— YOUR OBJECTIVE —
Reproduce the listing below from the line with "Capitolo 4. Figura 4 - Copertura social" to the line with "İsrail sınırı ve Golan tepesi (1980)", both lines included, character for character, minus any pictures.

— EXTRACTED DATA —
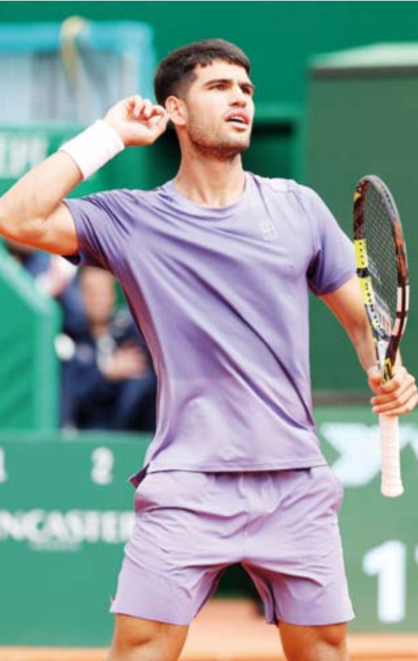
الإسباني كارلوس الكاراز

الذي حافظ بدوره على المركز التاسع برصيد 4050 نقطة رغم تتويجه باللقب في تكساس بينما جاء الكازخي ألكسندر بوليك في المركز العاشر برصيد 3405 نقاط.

==

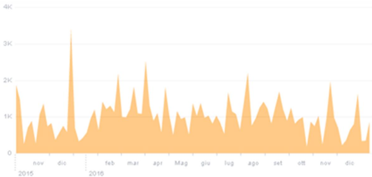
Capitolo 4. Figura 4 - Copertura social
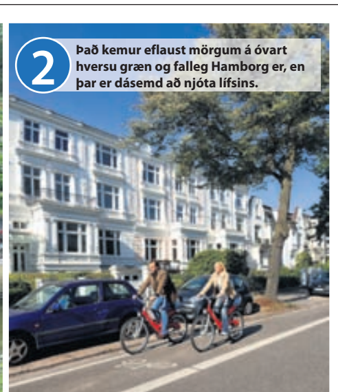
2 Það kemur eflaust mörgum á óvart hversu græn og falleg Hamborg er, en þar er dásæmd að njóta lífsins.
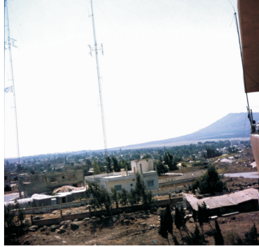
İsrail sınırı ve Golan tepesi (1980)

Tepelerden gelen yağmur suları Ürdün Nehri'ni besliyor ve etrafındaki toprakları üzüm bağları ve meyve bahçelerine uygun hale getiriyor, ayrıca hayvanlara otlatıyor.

— RESPONSE —
Capitolo 4. Figura 4 - Copertura social
2 Það kemur eflaust mörgum á óvart hversu græn og falleg Hamborg er, en þar er dásæmd að njóta lífsins.
İsrail sınırı ve Golan tepesi (1980)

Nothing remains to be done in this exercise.